Maine Secretary of State Matthew Dunlap is making a serious mistake by agreeing to participate in a sham “voter integrity” commission established by President Trump to validate his ludicrous claims about voter fraud. But it is not too late for Dunlap to withdraw, and it’s the right thing to do. Arguments about the extent of voter fraud and voter suppression are not new, with Republicans tending to claim that voter fraud is a major problem that requires laws making it harder to register and vote, such as strict voter identification laws. Democrats see these laws as aimed at suppressing the votes of those likely to vote for Democratic candidates.

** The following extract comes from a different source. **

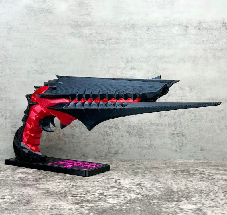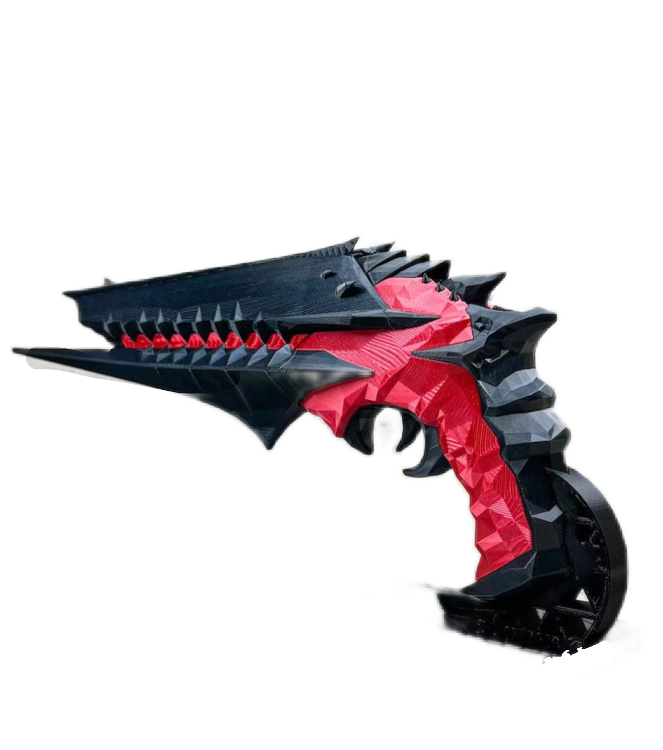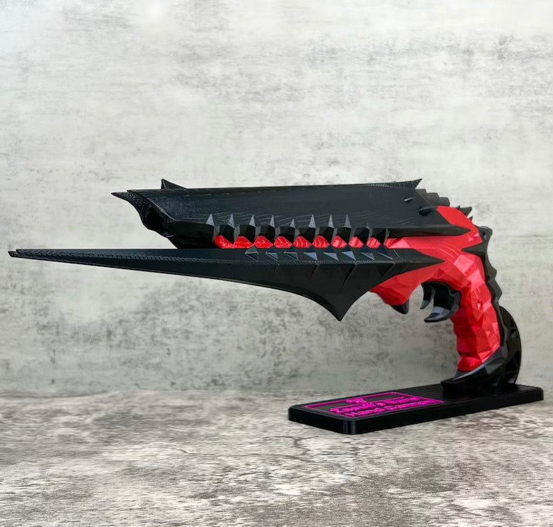 This gun is 3D printed of PLA plastic (human-friendly material), assembled and sanded, hand painted with acrylic paint and varnished with a satin/glossy finish, so the paint could remain as long as possible.

While there is no question that there is a small amount of voter fraud, there is virtually no proven impersonation voter fraud (where one person goes to the polling place claiming to be another) – the only kind of fraud that voter ID laws prevent. For my 2012 book “The Voting Wars,” I tried to find a single instance anywhere in the United States of an election being called into question by impersonation fraud, and I could not find one. Whether or not voter ID laws actually suppress a lot of votes, it is clear that they don’t prevent any measurable fraud or do anything to promote voter confidence.
President Trump raised the voter fraud rhetoric to an unprecedented extent by claiming before the election that there was massive voter fraud taking place in “urban” (read: minority) areas of Pennsylvania and elsewhere. After the election, he made a totally debunked claim that 3 million or more noncitizens voted in 2016. So far, the most credible count of such votes, by the Brennan Center for Justice, is 30 possible noncitizen votes across the entire country. That’s right: not millions, not thousands, not even hundreds.